What Happened During the Snow Campaign?
The Snow Campaign was the culmination of efforts by South Carolina Patriots to take control of the Backcountry and subdue Loyalist opposition. Colonel Richard Richardson led a large force of militia and regulars into the Backcountry, dispersing Loyalist Militia and arresting their leaders. The Campaign ended with the Patriot victory at the Battle of Great Cane Brake. During the return march, the Patriots suffered from harsh weather, including heavy snow, which is why the expedition is known as the “Snow Campaign.”
Division in the South Carolina Backcountry
Although the center of opposition to British policy toward the colonies was in Massachusetts, there was unrest throughout the other regions. In the South Carolina Backcountry, there was a strong divide between Loyalists, supporters of the Crown, and Patriots, who were opposed to the Coercive Acts and other British policies they believed violated their rights.
The Patriots in the Backcountry also believed the British had failed in a promise to provide them with better government. In South Carolina, the government tended to be controlled by residents from the Lowcountry, the area closer to the coast, and large cities like Charleston.

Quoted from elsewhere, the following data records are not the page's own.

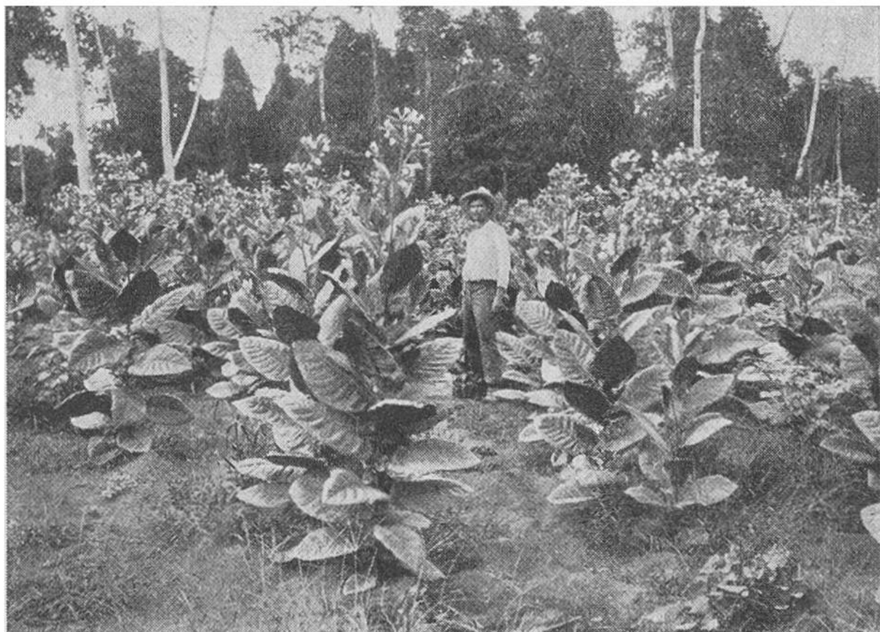
Eine Tabakpflanzung auf der Insel Cuba.

Plantagen mit einem etwa 3 m hohen Zelt überdeckt. Es bedeutet dies eine gewaltige Arbeit; doch sie lohnt sich reichlich durch die bessern Preise, die für den Tabak erzielt werden. Auch das sorgfältige Ernten der Blätter, das Trocknen und die Beeinflussung der stets eintretenden Gärung durch entsprechende Luftzufuhr sind sehr wichtig, um eine milde, aromareiche Qualität zu erhalten.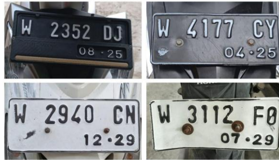
Gambar 2. Contoh Sampel Citra dari Dataset Primer

yang realistis untuk merepresentasikan tantangan di dunia nyata. Contoh sampel dari dataset tersebut disajikan pada Gambar 2.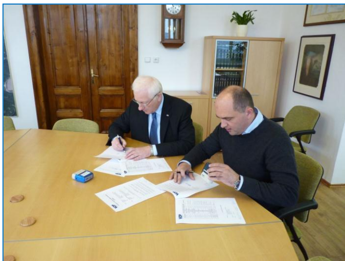
Nový majitel VOP CZ - Excalibur Army, podpis smlouvy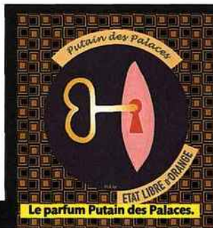
Le parfum Putain des Palaces.

On se démarque en choisissant des eaux pas comme les autres qui affichent notre singularité. On choisit Entrecuisse, Putain des Palaces ou Fat Electrician, chez État Libre d'Orange, et on teste l'effet que ça fait sur les gens en le disant bien haut dans un dîner. Ou alors on s'empare de Sustain, le nouveau parfum d'A.P.C. qui n'en est pas un, qui refuse même l'idée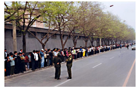
1999 年 4 月 25 日上访现场

代丽国 1995 年开始学法轮功，炼了 20 多天，折磨她十多年的类风湿性关节炎、腰椎盘突出等几种病痛全部消失了。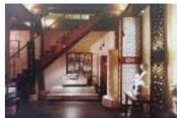
<그림 16> 석조장식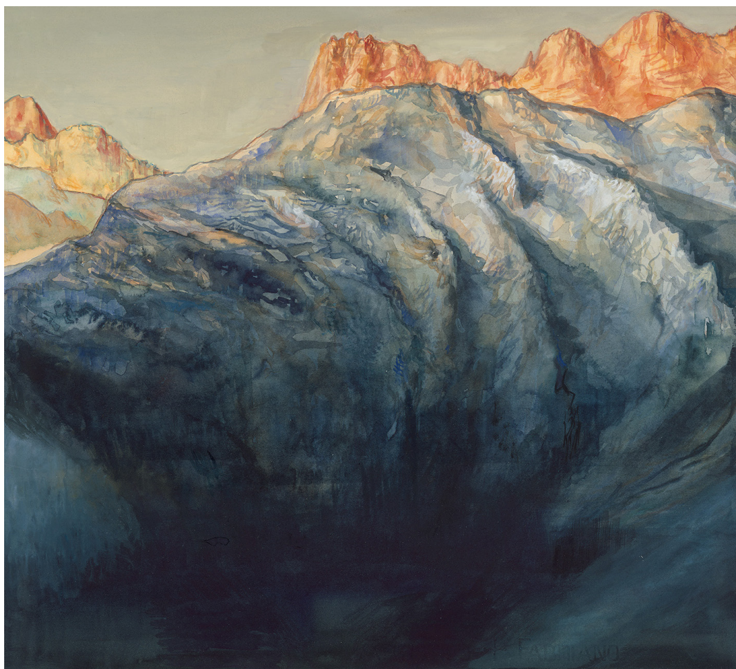
Nicolas de CRÉCY - Combe noire - 52 x 47 cm - Aquarelle sur papier - 2023

S'inspirant de sa propre expérience de la montagne, il retranscrit cette atmosphère particulière à travers près de septante œuvres aux techniques variées: peinture, collage, gravure, fusain, aquarelle, etc.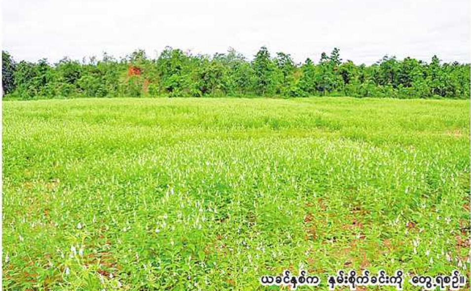
ယခင်နှစ်က နှမ်းစိုက်ခင်းကို တွေ့ရစဉ်။

လပွတ္တာ ဒီဇင်ဘာ ၂၅ ရောဝတီတိုင်းဒေသကြီး လပွတ္တာခရိုင် လပွတ္တာမြို့နယ်တွင် ယခုနှစ် ဆောင်းသီးနှံစိုက်ပျိုးရာသီ ၌ ဆီထွက်သီးနှံ နှမ်း ၁၄၉ ဧက စိုက်ပျိုးပြီးစီးပြီဖြစ်ကြောင်း လပွတ္တာ မြို့နယ် စိုက်ပျိုးရေးဦးစီးဌာနမှ သိရသည်။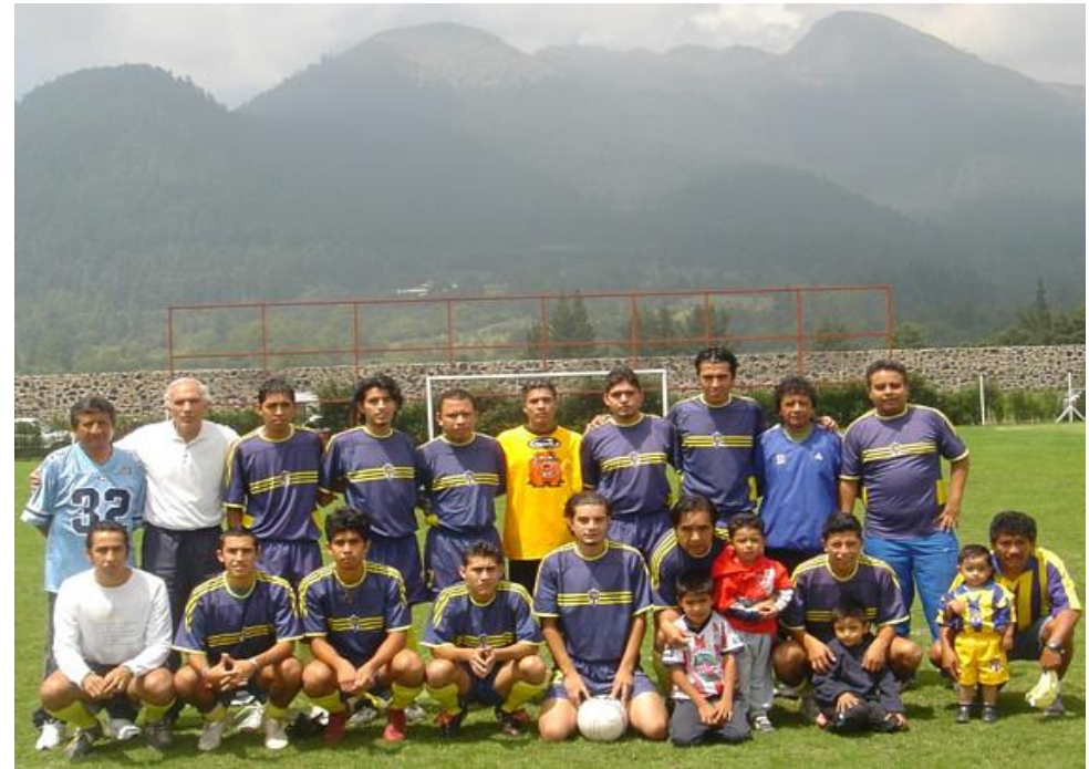
DEPORTIVO GUADALUPE 2006

Correo Electrónico: liga@ligaespanolafutbol.com

The residents of the Backcountry, the northwest corner of South Carolina, believed the government favored the Lowcountry merchants at their expense.

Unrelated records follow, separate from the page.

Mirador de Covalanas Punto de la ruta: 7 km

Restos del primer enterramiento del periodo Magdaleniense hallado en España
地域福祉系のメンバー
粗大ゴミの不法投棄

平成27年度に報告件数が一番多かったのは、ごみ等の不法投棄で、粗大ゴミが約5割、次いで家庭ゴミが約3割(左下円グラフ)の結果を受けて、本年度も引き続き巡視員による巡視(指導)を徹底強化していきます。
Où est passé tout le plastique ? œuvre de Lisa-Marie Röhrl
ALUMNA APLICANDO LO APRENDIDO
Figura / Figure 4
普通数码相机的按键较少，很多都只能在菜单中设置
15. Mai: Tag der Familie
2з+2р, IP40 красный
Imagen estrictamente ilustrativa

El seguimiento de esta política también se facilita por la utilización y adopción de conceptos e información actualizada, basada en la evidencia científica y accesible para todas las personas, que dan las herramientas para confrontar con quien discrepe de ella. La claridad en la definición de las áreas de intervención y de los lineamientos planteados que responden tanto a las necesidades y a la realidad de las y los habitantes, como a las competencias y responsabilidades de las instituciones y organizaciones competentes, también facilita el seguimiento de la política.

April 21 — Charleston Gunpowder Raid
Responding to rumors of British officials instigating uprisings among the slave population and attacks by Native American Indians, the South Carolina Provincial Congress met on April 20 in Charleston. Colonel Charles Pinckney led the meeting.
Many of the members of Congress were also Sons of Liberty, and although they were unaware the war had started the day before with the Battle of Lexington, they decided to take action to take action before it was too late.

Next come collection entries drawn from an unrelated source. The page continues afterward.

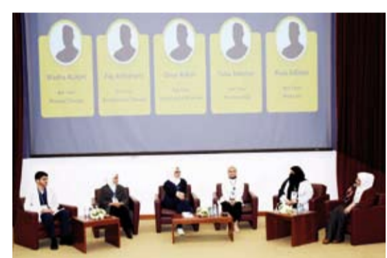
جانب من الملتقى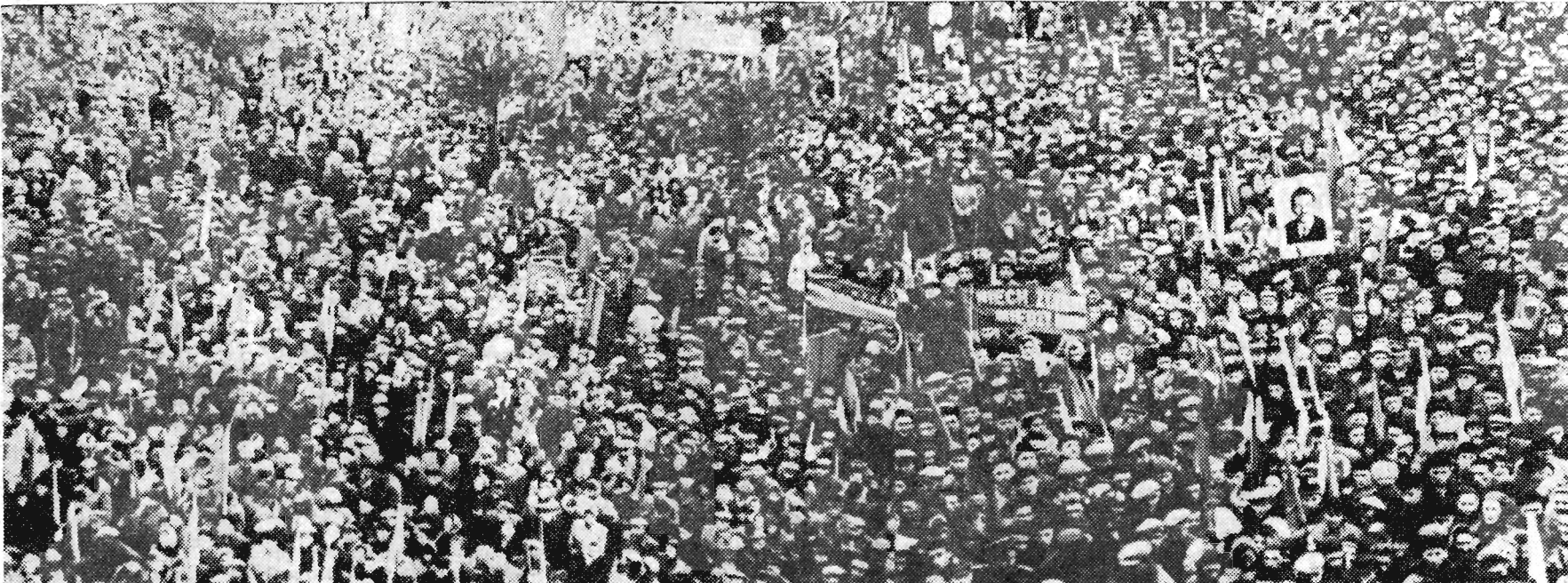
Na placu Zwycięstwa w Rzeszowie w dniu 5 bm

Wierzymy, że realizując wskazania XII Plenum KC PZPR, spełniamy podstawowy obowiązek wobec własnej ojczyzny i pomagamy w walce proletariatu całego świata o szczęśliwą przyszłość ludzkości i pokój między narodami.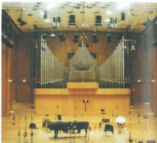
OPTIMIERT: Im Großen Sendesaal des WDR Köln wird Musik verschiedenster Stile aufgeführt und aufgenommen – von Bruckner über Jazz bis Weltmusik.

William Henry Drayton was appointed to lead a “Secret Committee,” responsible for removing weapons and gunpowder from three locations in Charleston. The plans were similar to the Massachusetts Powder Alarm of 1774 and the Virginia Gunpowder Incident. However, in those events, British officials removed military stores from armories. What the South Carolina Patriots planned to do was steal government-owned military stores — a blatant act of treason.
On the night of April 21, three groups of Patriots carried out raids on the three locations. The first group, including Pinckney, Colonel Henry Laurens, Thomas Lynch, Benjamin Huger, and William Henry Drayton, successfully removed the military stores from the armory at the South Carolina State House. The other groups — possibly under the command of Christopher Gadsden — were able to remove the gunpowder from the second location, but the third location was empty when they arrived. However, various accounts indicate the gunpowder from the third location eventually ended up in the hands of the Patriots.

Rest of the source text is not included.